Come è noto, la questione relativa alla permanenza o meno del potere di revocare l’aggiudicazione, dopo che il contratto è stato concluso, è stata affrontata dalla giurisprudenza, che l’ha risolta, affermando che “intervenuta la stipulazione del contratto per l’affidamento dell’appalto di lavori pubblici, l’amministrazione non può esercitare il potere di revoca dovendo operare con l’esercizio del diritto di recesso” (cfr., ex multis, Consiglio di Stato, sez. III, sent. 10 giugno 2024, n. 5171).
In particolare, secondo l’Adunanza Plenaria del Consiglio di Stato n. 14 del 29 giugno 2014:
– presupposto del potere di revoca “è la diversa valutazione dell’interesse pubblico a causa di sopravvenienze”;
– “il medesimo presupposto è alla base del recesso in quanto potere contrattuale basato su sopravvenuti motivi di opportunità”;
– “la specialità della previsione del recesso di cui al citato art. 134 [oggi art. 123 d.lgs. n. 36/2023] del codice preclude, di conseguenza, l’esercizio della revoca”;
– se, infatti, “nell’ambito della normativa che regola l’attività dell’amministrazione nella fase del rapporto negoziale di esecuzione del contratto […], è stata in particolare prevista […] una norma che attribuisce il diritto di recesso, non si può ritenere che sul medesimo rapporto negoziale si possa incidere con la revoca, basata su presupposti comuni a quelli del recesso (la rinnovata valutazione dell’interesse pubblico per sopravvenienze) e avente effetto analogo sul piano giuridico (la cessazione ex nunc del rapporto negoziale)”;
– diversamente opinando, “la norma sul recesso sarebbe sostanzialmente inutile, risultando nell’ordinamento, che per definizione reca un sistema di regole destinate a operare, una normativa priva di portata pratica, dal momento che l’amministrazione potrebbe sempre ricorrere alla meno costosa revoca ovvero decidere di esercitare il diritto di recesso secondo il proprio esclusivo giudizio, conservando in tale modo nel rapporto una posizione comunque privilegiata”.
Conseguentemente, è stato, da ultimo, precisato che “la revoca dell’aggiudicazione dopo la sottoscrizione del contratto configura un’ipotesi di carenza di potere in concreto, perché il potere di revoca dei propri provvedimenti spetta alle pubbliche amministrazioni, ai sensi dell’art. 21 quinquies della legge 241/1990, e dunque in astratto sussiste, ma in concreto non può essere esercitato dalle stazioni appaltanti dopo la conclusione del contratto: in sostanza, il fatto che il contratto non sia ancora stato concluso costituisce una condizione per il legittimo esercizio del potere di revocare l’aggiudicazione” (cfr.

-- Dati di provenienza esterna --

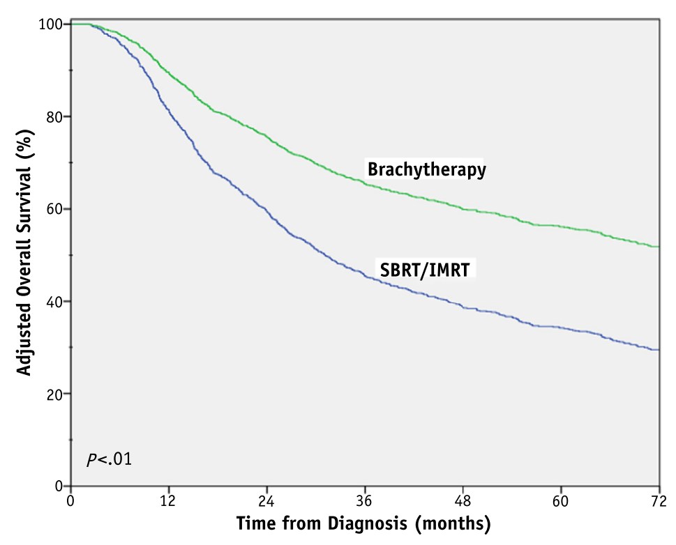 Korrigierte Überlebensrate: Brachytherapie signifikant besser als IMRT und SBRT.![]() Angleichung von Alter, Charlson/Deyo - Score, Stadium, Chemotherapie |

TAR Lombardia, Brescia, sez. I, 14 dicembre 2023, n. 912).
Secondo il TAR Calabria, Catanzaro, sez. II, sent. 20 marzo 2025, n. 555, tali statuizioni, affermate con riferimento alla disciplina dettata dal d.lgs. n. 163/2006 e confermate anche dopo l’entrata in vigore del d.lgs. n. 50/2016, mantengono la propria validità anche a seguito del nuovo Codice dei contratti pubblici (d.lgs. n. 36/2023).
I giudici catanzaresi hanno evidenziato che l’amministrazione può avvalersi di strumenti di autotutela pubblicistica per porre rimedio a questioni afferenti alla fase privatistica del rapporto, mentre, come già detto, dopo la stipula del contratto, il potere di autotutela pubblicistica, ex art. 21 quinquies della legge n. 241/1990, non può più essere utilizzato; restano utilizzabili, ricorrendone i requisiti, l’esercizio del diritto di recesso, ai sensi dell’art. 123 del d.lgs. n. 36/2023, ovvero la risoluzione del contratto stipulato, ai sensi dell’art. 122 del d.lgs. n. 36/2023.